14/02/25 18:53:03 INFO Worker: Successfully registered with master spark://Shirishs-MacBook-Pro.local:7077

Now, when I submit a job, the job fails to execute (because class not found error) but the worker also dies. Here is the master log:

14/02/25 18:55:52 INFO Master: Driver submitted org.apache.spark.deploy.worker.DriverWrapper
14/02/25 18:55:52 INFO Master: Launching driver driver-20140225185552-0000 on worker worker-20140225185302-192.168.1.106-53956
14/02/25 18:55:55 INFO Master: Registering worker Shirishs-MacBook-Pro.local:53956 with 4 cores, 15.0 GB RAM
14/02/25 18:55:55 INFO Master: Attempted to re-register worker at same address: akka.tcp://sparkWorker@192.168.1.106:53956
14/02/25 18:55:55 WARN Master: Got heartbeat from unregistered worker worker-20140225185555-192.168.1.106-53956
14/02/25 18:55:57 INFO Master: akka.tcp://driverClient@192.168.1.106:53961 got disassociated, removing it.
14/02/25 18:55:57 INFO Master: akka.tcp://driverClient@192.168.1.106:53961 got disassociated, removing it.
14/02/25 18:55:57 INFO LocalActorRef: Message [akka.remote.transport.ActorTransportAdapter$DisassociateUnderlying] from Actor[akka://sparkMaster/deadLetters] to Actor[akka://sparkMaster/system/transports/akkaprotocolmanager.tcp0/akkaProtocol-tcp%3A%2F%2FsparkMaster%40192.168.1.106%3A53962-2#-21389169] was not delivered. [1] dead letters encountered. This logging can be turned off or adjusted with configuration settings 'akka.log-dead-letters' and 'akka.log-dead-letters-during-shutdown'.
4/02/25 18:55:57 INFO Master: akka.tcp://driverClient@192.168.1.106:53961 got disassociated, removing it.

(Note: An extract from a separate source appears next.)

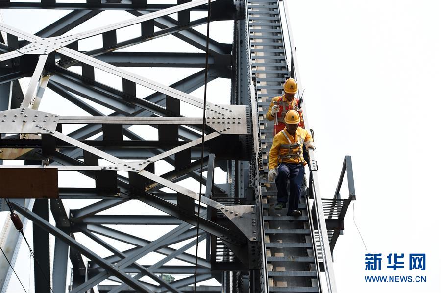8月14日,“护桥卫士”在被太阳炙烤得滚烫的钢梁上作业。新华社记者 唐奕 摄

14/02/25 18:55:57 ERROR EndpointWriter: AssociationError [akka.tcp://sparkMaster@Shirishs-MacBook-Pro.local:7077] -> [akka.tcp://driverClient@192.168.1.106:53961]: Error [Association failed with [akka.tcp://driverClient@192.168.1.106:53961]] [
akka.remote.EndpointAssociationException: Association failed with [akka.tcp://driverClient@192.168.1.106:53961]
Caused by: akka.remote.transport.netty.NettyTransport$$anonfun$associate$1$$anon$2: Connection refused: /192.168.1.106:53961
] 
...
...
14/02/25 18:55:57 INFO Master: akka.tcp://driverClient@192.168.1.106:53961 got disassociated, removing it.
14/02/25 18:56:03 WARN Master: Got heartbeat from unregistered worker worker-20140225185555-192.168.1.106-53956
14/02/25 18:56:10 WARN Master: Got heartbeat from unregistered worker worker-20140225185555-192.168.1.106-53956
14/02/25 18:56:18 WARN Master: Got heartbeat from unregistered worker worker-20140225185555-192.168.1.106-53956
14/02/25 18:56:25 WARN Master: Got heartbeat from unregistered worker worker-20140225185555-192.168.1.106-53956
14/02/25 18:56:33 WARN Master: Got heartbeat from unregistered worker worker-20140225185555-192.168.1.106-53956
14/02/25 18:56:40 WARN Master: Got heartbeat from unregistered worker worker-20140225185555-192.168.1.106-53956
14/ 

The worker log looks like this

14/02/25 18:55:52 INFO Worker: Asked to launch driver driver-20140225185552-0000
2014-02-25 18:55:52.534 java[11415:330b] Unable to load realm info from SCDynamicStore
14/02/25 18:55:52 INFO DriverRunner: Copying user jar file:/Users/shirish_kumar/Developer/spark_app/SimpleApp to /Users/shirish_kumar/Developer/spark-0.9.0-incubating/work/driver-20140225185552-0000/SimpleApp
14/02/25 18:55:53 INFO DriverRunner: Launch Command: "/Library/Java/JavaVirtualMachines/jdk1.7.0_40.jdk/Contents/Home/bin/java" "-cp" ":/Users/shirish_kumar/Developer/spark-0.9.0-incubating/work/driver-20140225185552-0000/SimpleApp:/Users/shirish_kumar/Developer/spark-0.9.0-incubating/conf:/Users/shirish_kumar/Developer/spark-0.9.0-incubating/assembly/target/scala-2.10/spark-assembly-0.9.0-incubating-hadoop1.0.4.jar" "-Xms512M" "-Xmx512M" "org.apache.spark.deploy.worker.DriverWrapper" "akka.tcp://sparkWorker@192.168.1.106:53956/user/Worker" "SimpleApp"
14/02/25 18:55:55 ERROR OneForOneStrategy: FAILED (of class scala.Enumeration$Val)
scala.MatchError: FAILED (of class scala.Enumeration$Val)
        at org.apache.spark.deploy.worker.Worker$$anonfun$receive$1.applyOrElse(Worker.scala:277)
        at akka.actor.ActorCell.receiveMessage(ActorCell.scala:498)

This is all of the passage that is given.